In 1981 Charles and Diana got married. We were on summer holiday in England at the time and the night before the wedding we (a family of 10) went to Hyde Park to see the fireworks and hopefully see Prince Charles, who was apparently attending that night. I remember Hyde Park being busy, we sat somewhere on the grass with our picnic dinner in a less crowded part, and of course we never even caught a glimpse of Charles. The fireworks were great, though. We all watched the royal wedding itself the next day in the TV room of the campsite we were staying at. My younger sister was 8, I was 11, and we, like so very many girls that age, were captivated by Lady Diana and also that royal wedding. At home, we collected pictures and stuck them into scrapbooks.

By my mid teens I still liked looking at pictures of Diana and reading about her and seeing her on TV, but I lost that fangirling quality. I was more impressed by other royals (European royalty is always a big thing in German gossip magazines and I read a lot of gossip magazines then) such as the Swedish queen Silvia, who seemed to have more gravitas, but even that waned when I hit 15 or so. Still, with Diana being such a famous woman and me still quite liking her, I did read about her marriage falling apart in the early 1990s and I saw the famous TV interviews both she and Prince Charles gave and I even read that book Andrew Morton wrote about her. Once, in the early 1990s, I even saw the back of her when I was in London. It was pure chance, I was walking by a very busy Leicester Square, heard Princess Diana was there and then spotted the back of her surrounded by a crowd disappearing into a cinema for some film premiere.

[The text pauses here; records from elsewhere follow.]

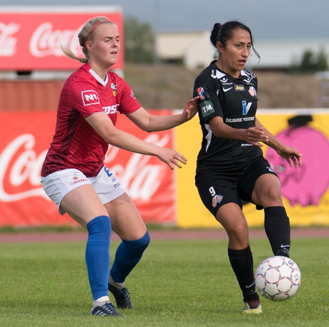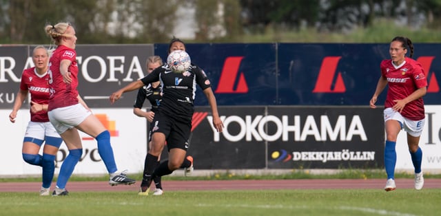 Fanndís með fínan sprett hérna inn af kantinum en skot hennar lengst utan af velli er langt framhjá.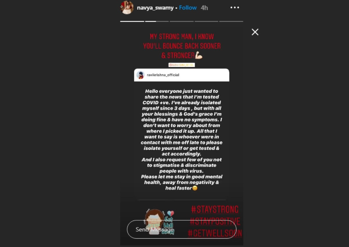 Navya Swamy, who is now home quarantined, extended her support to Ravi Krishna. She wrote, “My strong man, I know you’ll bounce back sooner and stronger. #StayStrong #StayPositive #GetWellSoon”.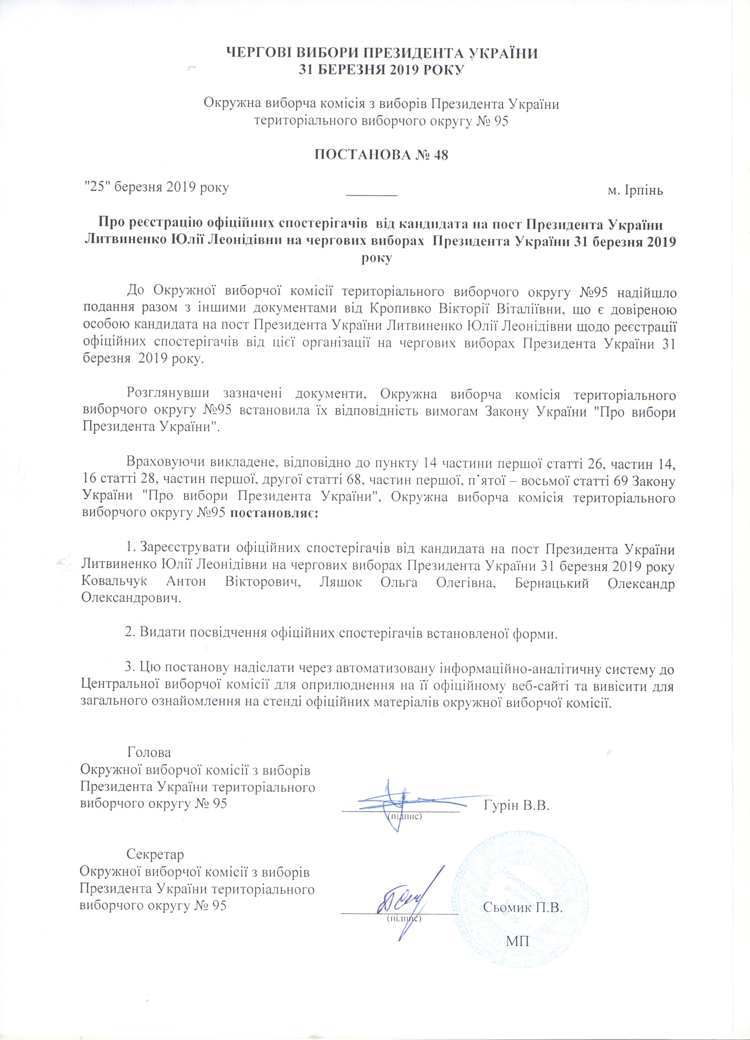 Про реєстрацію офіційних спостерігачів від кандидата на пост Президента України Литвиненко Юлії Леонідівни на чергових виборах Президента України 31 березня 2019 року |

When she died, like the rest of the world, I was shocked. I can still clearly remember finding out. It was a Sunday morning, Mr E and I had been living together for a year and we were sleeping in when my younger sister, then 24, called me, then 27, to tell me Diana was dead. It felt unreal, she had just seemed to be coming into her own by then, but there it was.

So yes, while I would never consider myself a particular fan, Diana did always hold a sort of fascination for me and I had more than a passing interest in her. It’s why I also was happy to visit her childhood home Althorp a few years ago.

Anyway, back to adaptations on Diana’s life. My interest for such a work of fiction was first piqued when I was 13 or so and I saw an early dramatization of Diana’s romance on TV, in a film called The Royal Romance of Charles and Diana, starring Catherine Oxenberg (from 1982).

I liked the fairytale romance quality of it but at the time I didn’t think Oxenberg made a great Diana and I remember especially her shyness and innocence feeling over the top and fake to me. Although I haven’t seen the film in maybe 35 years, I even remember thinking that most of it was lies. Pretty lies that I wanted to believe, but lies nonetheless and therefore not really authentic. It was charming in many ways but also fake in a way that even naive little me didn’t buy it. (Oh goodness, I now find the movie is available on YouTube! Should I watch it again?)

I know there have been more Diana portrayals after that (even a sequel with Catherine Oxenberg reprising the role of Diana) but I didn’t watch them because I always felt there was too little to go on to make good movies about her. I also felt that no one looked right or felt right for the Diana role. In addition, Charles is always the one being vilified and while I’m not a fan of his, that does seem like a very one-sided viewpoint. I’m sure the man has his qualities as well.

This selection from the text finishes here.